WE Charity’s profile with the online lobbyist registry shows the organization retroactively submitted 65 communication reports for contacts with public office holders, some of which date back to January 2019. More than half of those reports are for communications since March 2020.
WE’s lobbying profile now lists 18 different staff members, including Al-Waheidi. The list does not include either of the Kielburger brothers, who founded the organization. Craig and Mark Kielburger also defended their decisions not to register as lobbyists and insisted their organization has not met the legal definition of lobbying.
Asked for comment about why it moved to register as a lobbyist this week and about the Conservative and NDP parties’ requests for a probe, WE Charity’s public relations responded with a brief statement.
“The disclosures speak for themselves and WE Charity’s transparency exceeds anything required,” the statement said.

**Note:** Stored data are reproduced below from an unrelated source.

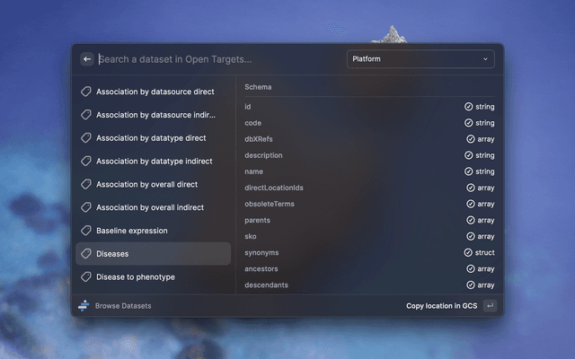 • Browse datasets functionality. Command that allows the look up of the schemas of all the datasets available in Open Targets. Their location in the Google Cloud Storage is copied to the clipboard.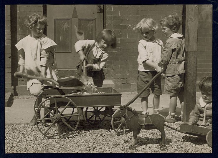 Фотограф: Джесси Тарбокс Билс, 1915. Пока малыши постарше грузят камни в тележку, самый маленький ребенок, сидя на земле, играет с крошечной повозкой и пони. 1915 год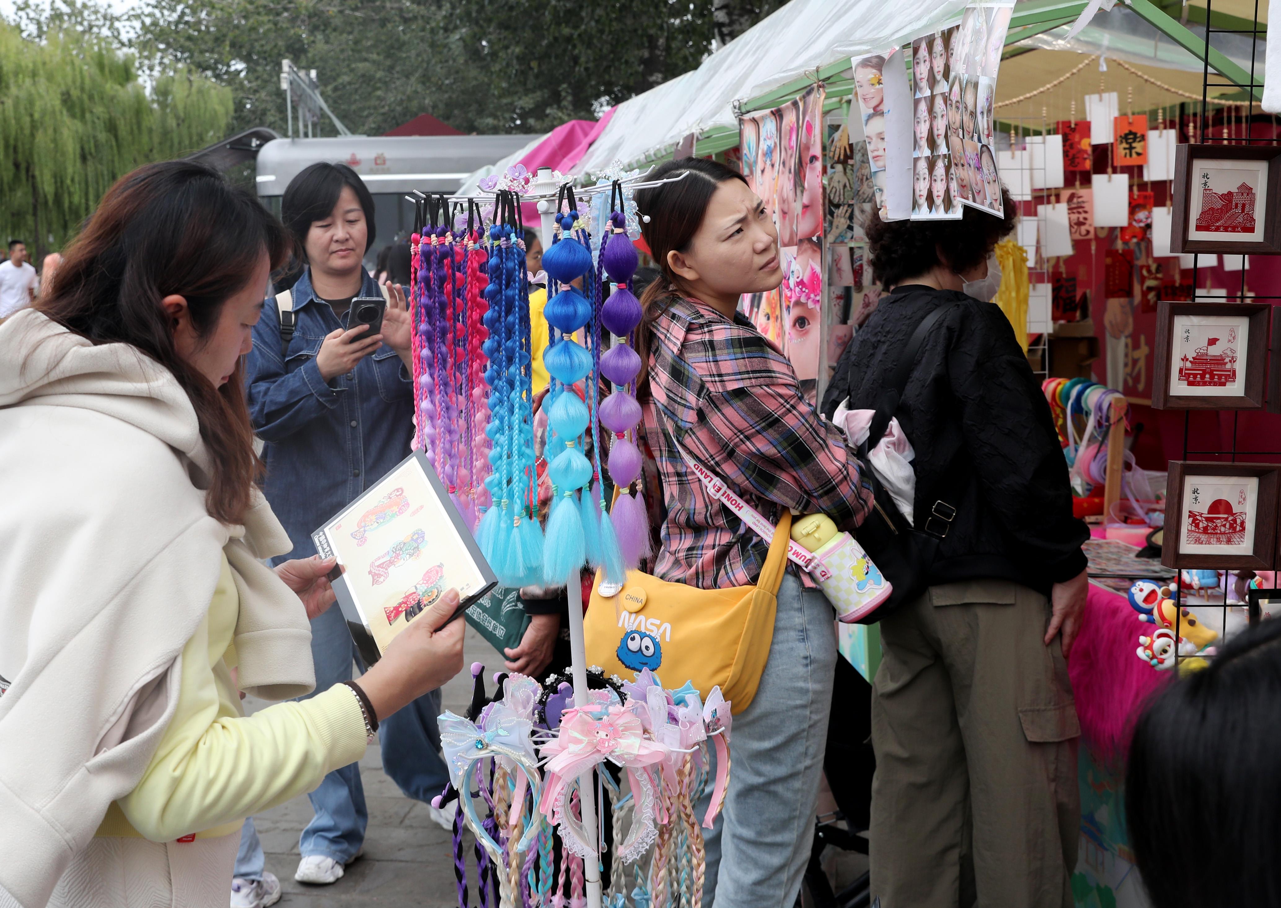近日,三山五園文化市集在北京頤和園開市,文創(chuàng)產(chǎn)品、特色小吃、非遺宋錦、非遺漆扇、老北京翻花等吸引了眾多游客。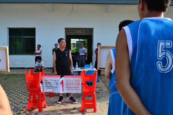 金滩镇党委书记京海华宣布“江西水建杯”篮球赛开始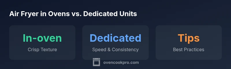 When people ask, does oven have an air fryer, the answer hinges on the model. Many newer or premium ovens offer a built-in air fryer mode, sometimes marketed as 'air fry' or 'air frying' in the settings menu. Some ovens embed a dedicated air fryer drawer or a specific rack system designed to promote crisping with hot air. In contrast, many mid-range and older ovens rely on standard convection or conventional baking settings to get close to air-fried results. The distinction matters because true air frying relies on rapid air circulation and a smaller cooking space, which concentrates heat and helps achieve a crispy exterior. The idea of an integrated air fryer is appealing: fewer appliances on the counter and a streamlined cooking process. According to Oven Cook Pro, the trend toward multi-function ovens is becoming more common as manufacturers respond to consumer desires for versatile kitchen gear. If you own a model with a built-in air fryer, you’ll typically notice a specific mode name and possibly a dedicated tray or rack designed to maximize airflow. If your oven lacks this feature, you can still achieve similar results using convection bake plus a few practical tweaks. In either case, understanding how the oven handles air flow, temperature, and tray positioning will help you optimize results for items like fries, chicken tenders, or vegetables. In addition, remember that air-fried results can vary with load size, food thickness, and preheating status, so plan a test batch before seasoning a large cook.

WE Charity also directed Global News to two pages on its website outlining why WE had not formally registered to lobby the federal government and a timeline of what it calls a “proactive disclosure” of oral communications between the Kielburgers and both elected and non-elected federal officials since January 2019.
“WE Charity relies heavily on unpaid volunteers, including the volunteer founders, Craig and Marc Kielburger,” the second webpage reads. “Volunteerism on behalf of a charity is not considered lobbying under Canadian law. Only paid employees can be in-house lobbyists. This means there is no place on Canada’s lobbyists’ registry for the founders’ communications with federal officials.”
In an emailed statement on Friday, the lobbying commissioner’s office wouldn’t confirm whether it has started a probe into WE’s communications with government officials, but did confirm it started a preliminary assessment of the requests.
A spokesperson said the office is “unable to confirm or deny whether an investigation has been initiated or is ongoing” because of the “possibility that these matters may become police investigations.” (The Conservatives in July also called on the RCMP to investigate the WE deal.)
“To ensure transparency, all reportable communications should be listed in the Registry of Lobbyists,” the office said its statement. “WE Charity’s monthly communication reports do not mean that any preliminary assessment or a potential investigation cannot proceed.”
On its website, the lobbying commissioner’s office says a preliminary assessment involves determining whether the matter at issue “falls within the commissioner’s mandate and jurisdiction” and if a probe is “necessary to ensure compliance.”
The Liberal government’s agreement with WE — which Trudeau billed as the only organization capable of delivering on the scale required — for the student grant program fell apart in early July amid mounting scrutiny over the organization’s ties to Trudeau and his family.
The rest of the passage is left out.